Second, these less AI-ready countries might follow India’s lead and look at data—in privacy- and security-sensitive ways—as a differentiator and a means to participate more effectively in the AI competition. For example, developing high-quality national databases that feature language, culture, and other characteristics could be ways to collaborate with other countries on AI, attract AI talent, and generate needed revenue for future investment.
And as open-source AI models and advancements in the development of smaller models progress, these countries might focus on niche areas of AI development where they may achieve a competitive advantage.
The U.S. and other like-minded AI-competitive countries can and should support these efforts with infrastructure, training, and technical assistance.
America’s Leadership Opportunity in an AI-Competitive World
One could conclude that efforts by France, the U.K., India, and others to compete in AI should be seen as detrimental to U.S. interests because stronger global AI competition could reduce an American technological advantage and, thus, American power. However, the diffusion of AI technology and know-how—especially among open, rule-bound, and democratic countries—presents the U.S. with the opportunity to lead a coordinated governance and economic development approach with allies and like-minded partners.
Were the U.S. to hold back other countries attempting to compete in AI, efforts to develop global rules and standards for AI and other digital technologies would become a confrontation between AI haves and have-nots. Many countries would attempt to rein in U.S. AI success by working to create barriers to its digital engagement in the world’s economies.

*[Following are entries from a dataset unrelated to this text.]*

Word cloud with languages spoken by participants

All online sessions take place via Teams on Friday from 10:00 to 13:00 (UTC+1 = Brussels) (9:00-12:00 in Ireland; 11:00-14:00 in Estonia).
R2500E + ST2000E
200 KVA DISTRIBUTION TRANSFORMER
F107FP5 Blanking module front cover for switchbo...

There is also the risk that, without an open approach that focuses on supporting and partnering with other countries wishing to participate in the AI economy, China would see an opening to build closer ties with U.S. allies and other countries important to U.S. interests.
Finally, AI development outside of the U.S., open-source development generally, and cheaper and faster AI-developing technology together suggest that there may be little the U.S. can do to stop the broad diffusion of current AI technology. At the same time, the global AI competition data shows that the U.S. does not risk losing its leadership position in AI even in a more open and competitive environment.

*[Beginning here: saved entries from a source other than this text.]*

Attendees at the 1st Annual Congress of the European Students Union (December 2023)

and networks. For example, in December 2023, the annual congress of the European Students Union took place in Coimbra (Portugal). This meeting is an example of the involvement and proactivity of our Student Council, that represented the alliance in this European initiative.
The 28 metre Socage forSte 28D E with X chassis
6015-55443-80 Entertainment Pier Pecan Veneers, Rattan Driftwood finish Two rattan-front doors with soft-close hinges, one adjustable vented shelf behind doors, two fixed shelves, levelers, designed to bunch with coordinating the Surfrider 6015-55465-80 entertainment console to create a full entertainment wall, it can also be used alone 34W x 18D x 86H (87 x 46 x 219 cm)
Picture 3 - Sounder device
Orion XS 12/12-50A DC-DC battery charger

A U.S. AI policy that is open to global competition and innovation would still require a hands-on approach to various AI challenges and opportunities. For example, the U.S. government would still have an active approach in areas like the use of AI in weapons systems and monitoring and ensuring the safety of frontier models. U.S. policymakers could also work proactively to keep the global AI ecosystem open, steering allies and partners away from the far too common move toward the closed ecosystems of digital sovereignty in the name of strategic autonomy. Beyond that, the current wave of global AI diffusion might prompt policymakers to revisit AI-impacting laws to ensure that they promote openness and collaboration—along with healthy competition—instead of balkanization and division.

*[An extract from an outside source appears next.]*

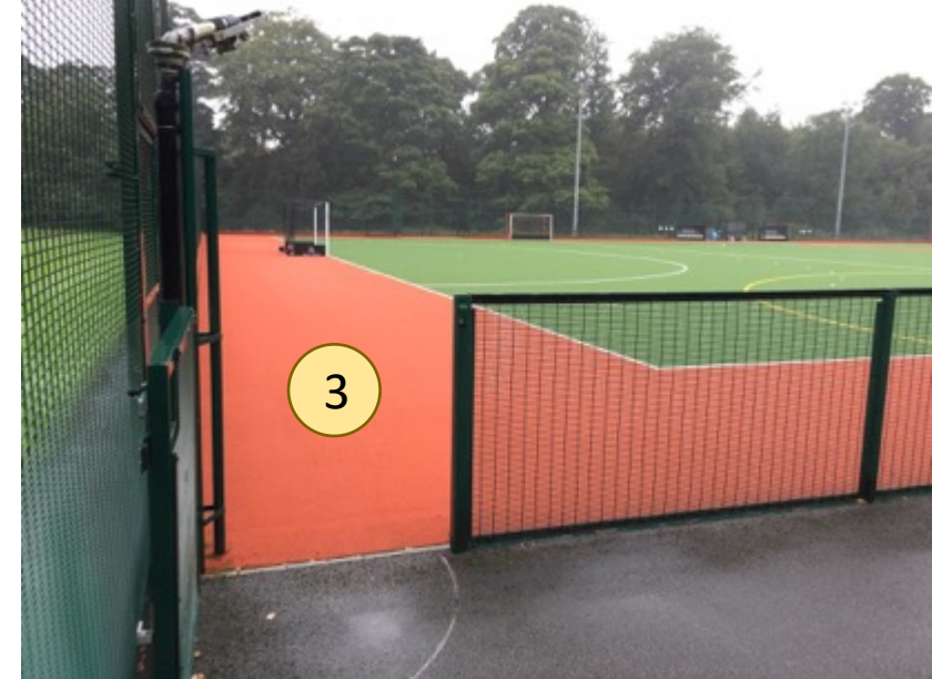
3. Away team pitch Entrance

The ultimate goal should be digital solidarity: technological self-determination through partnerships and alliances among open, democratic, and rule-bound societies. Given the current technological and geopolitical landscape, this goal could come with an acknowledgment that less democratic countries will need to be part of the solidarity ecosystem for some time and that the balance between partnership and competition will be a tough but necessary one to maintain. Countries in that ecosystem can also ensure that other, less competitive nations are not left behind and are supported in their effort to participate in the AI economy and avoid becoming AI vassal states.